(Dataset excerpts)

_ _ _ _

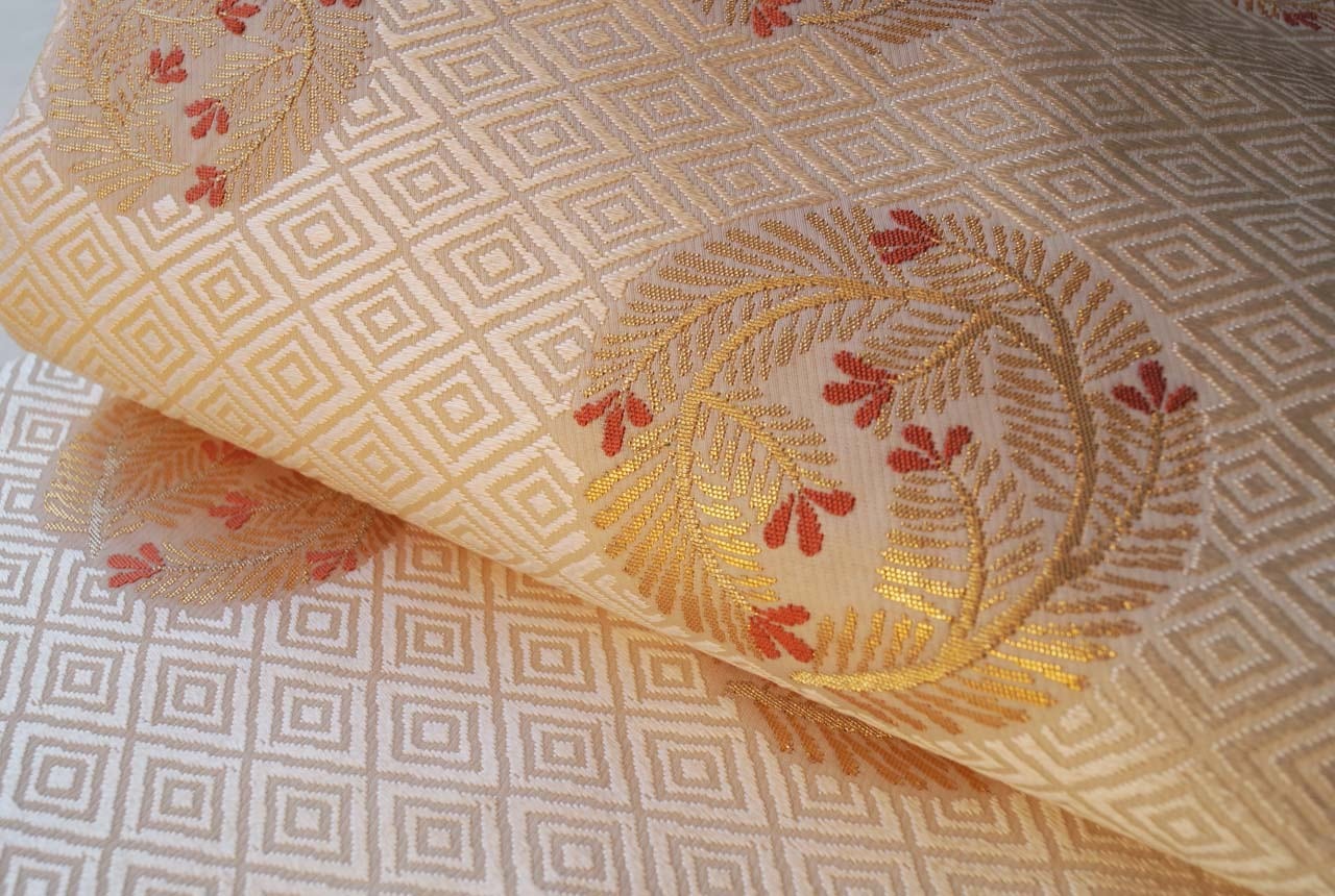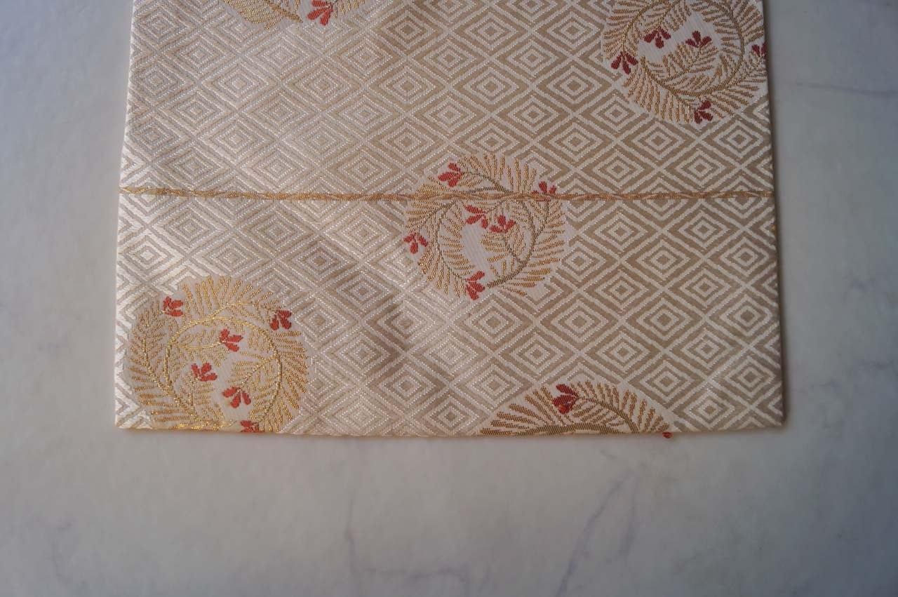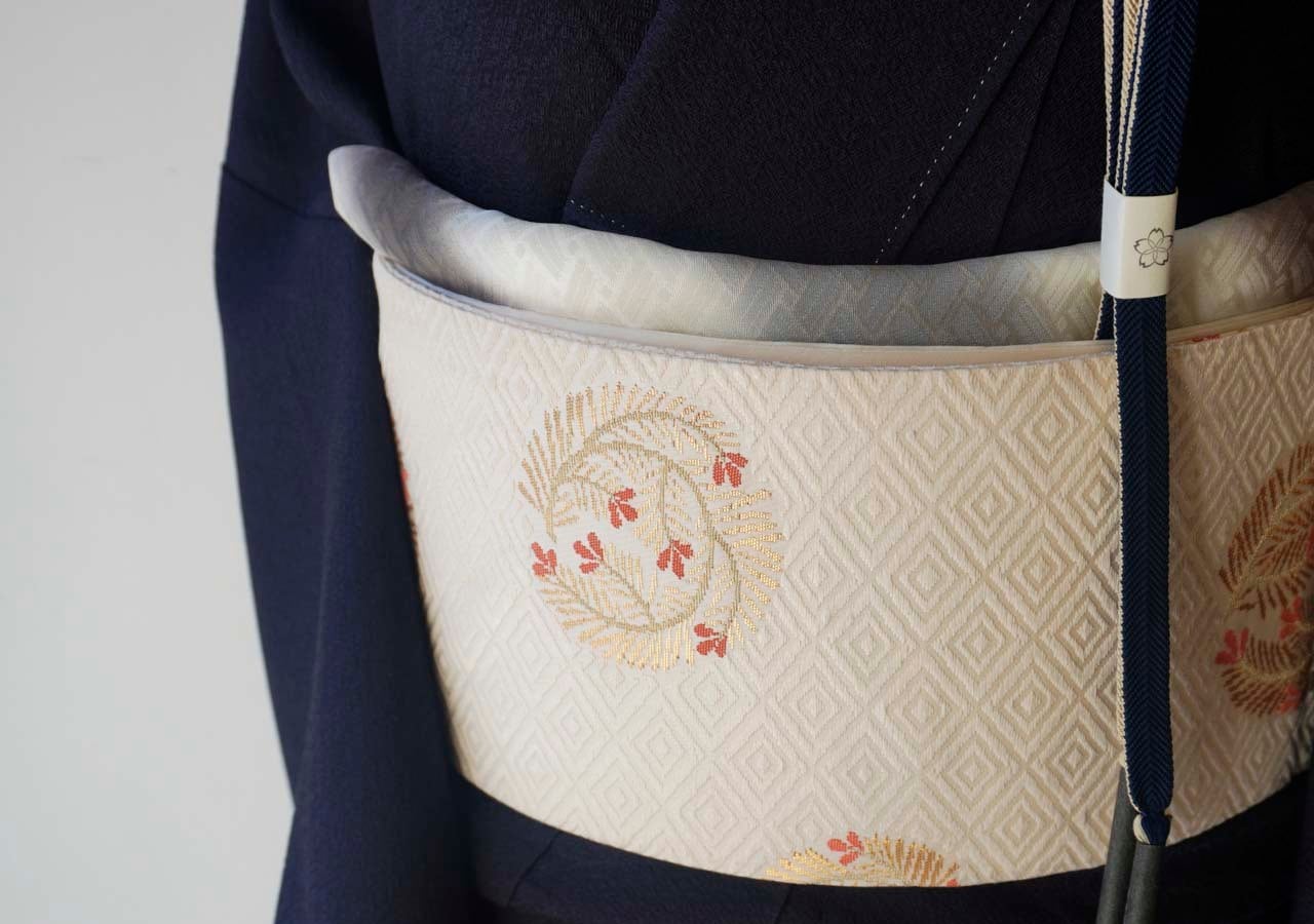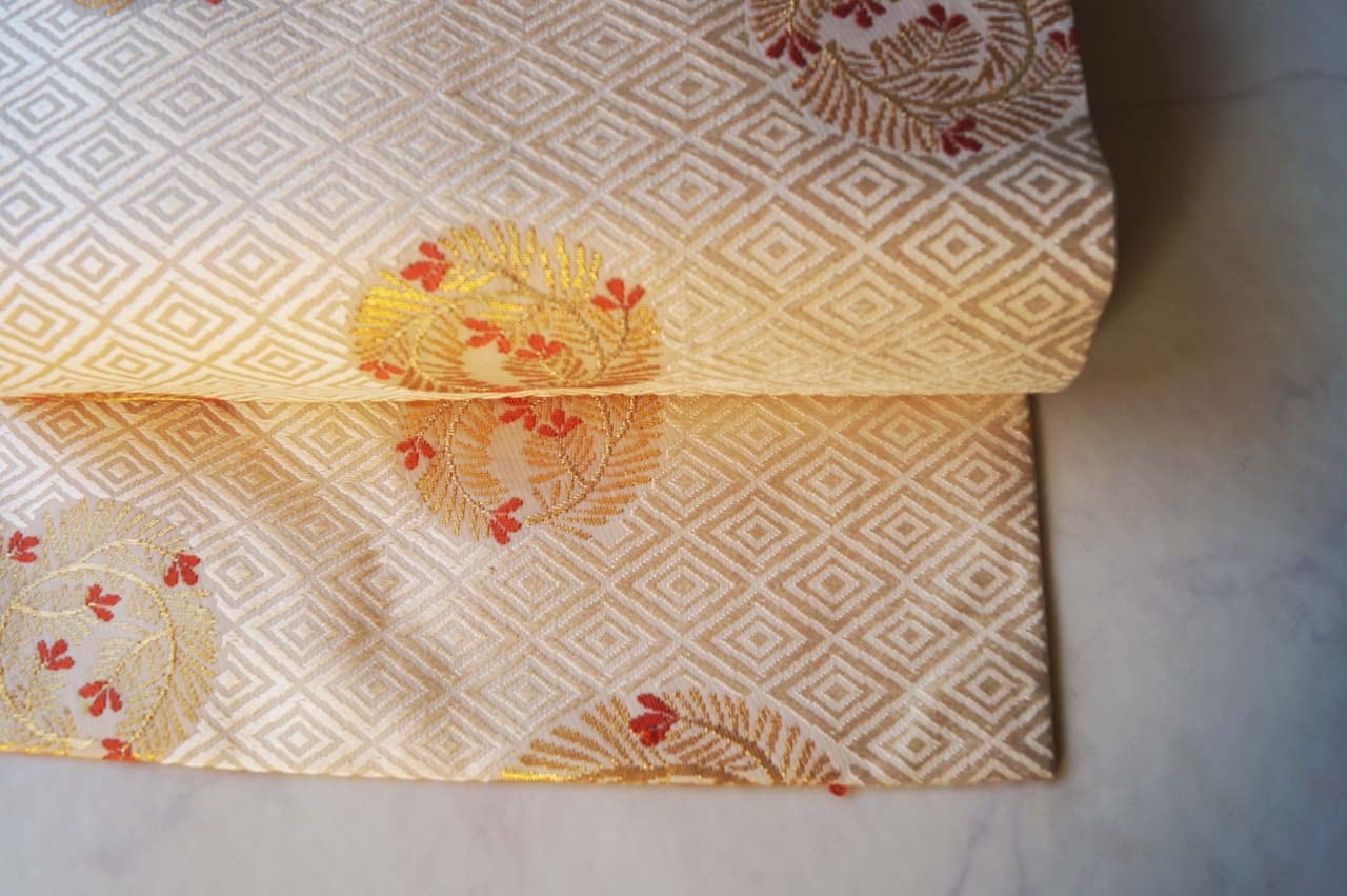 菱文が唐織りされた立体感ある帯地は、
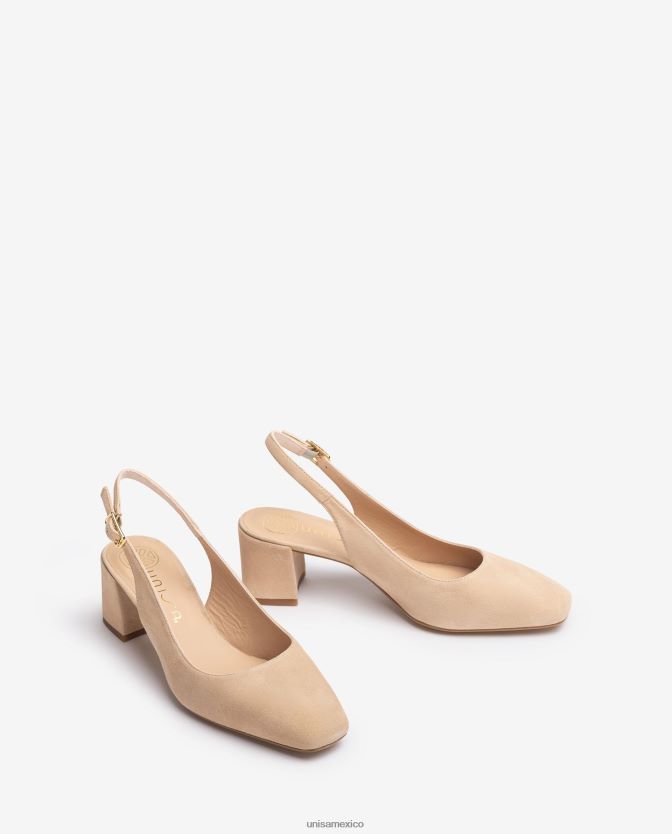 sling back de punta cuadrada confeccionado en ante. Tacón ancho de 6cm a juego. Suela de goma ligera, flexible y antideslizante. Clásicos imprescindibles de unisa que se renuevan cada temporada.
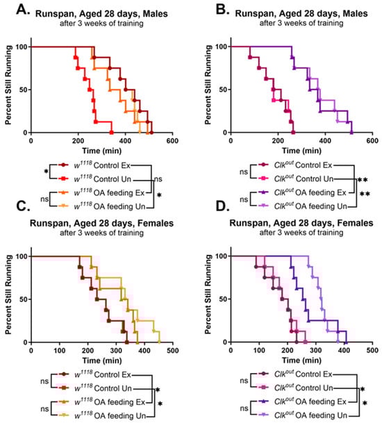 We chose to rescue through the feeding of octopamine (OA), an invertebrate norepinephrine equivalent. We have previously shown that wild-type females do not respond to exercise training, and this difference is entirely due to sex differences in the activity of OA-ergic neurons during training []. OA release is critical for the response to chronic training, and the feeding of OA alone is able to mimic the effects of endurance exercise in both male and female wild-types []. As previously observed, in both male and female w1118 flies, OA feeding mimicked the improvements in run span induced by exercise training (Figure 3A,C). Furthermore, OA feeding was able to rescue the endurance of Clkout mutants, leading to significant improvements in run span regardless of training status (Figure 3B), while vehicle-fed controls retained the defects as in Figure 1. The results in female mutant flies were similar to males (Figure 3D).
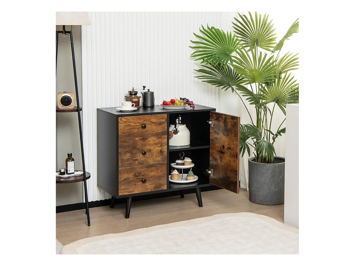 JENNA - Buffet 4 Portes 3 Tiroirs Aspect Bois et Métal Noir
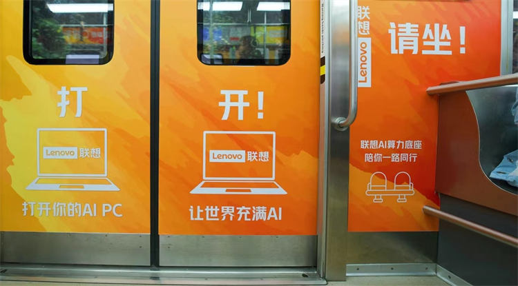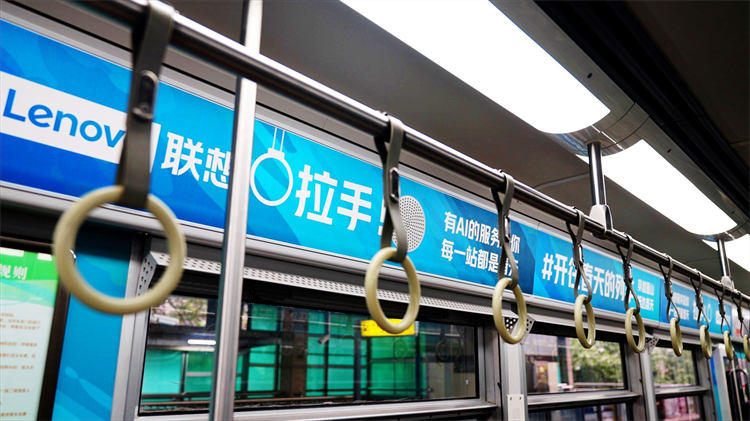 “聯(lián)想全棧智能,讓世界充滿AI,從春天開始”為主題的輕軌廣告在重慶輕軌2號線全新亮相
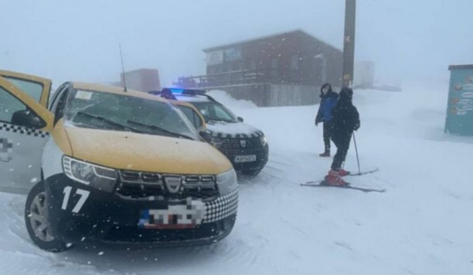 Jandarmii montani l-au sancționat contravențional cu 1000 de lei și i-au impus să scoată mașina din zona pârtiei de schi pentru evitarea oricărui eveniment nedorit.
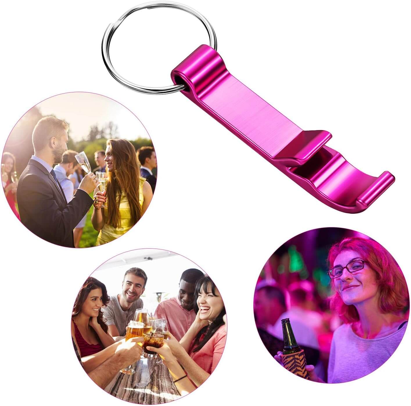 Lightweight,small size,easy to carry and use Each bottle opener comes with a key ring, it can be hung on your key chain directly. It is very convenient to carry.

_ _ _ _

*Exercise goal*. Please output, exactly and with no pictures, only the lines from the one containing "Jandarmii montani l-au" through the final line of the records above.

*Problem solution*.
 Jandarmii montani l-au sancționat contravențional cu 1000 de lei și i-au impus să scoată mașina din zona pârtiei de schi pentru evitarea oricărui eveniment nedorit.
 Lightweight,small size,easy to carry and use Each bottle opener comes with a key ring, it can be hung on your key chain directly. It is very convenient to carry.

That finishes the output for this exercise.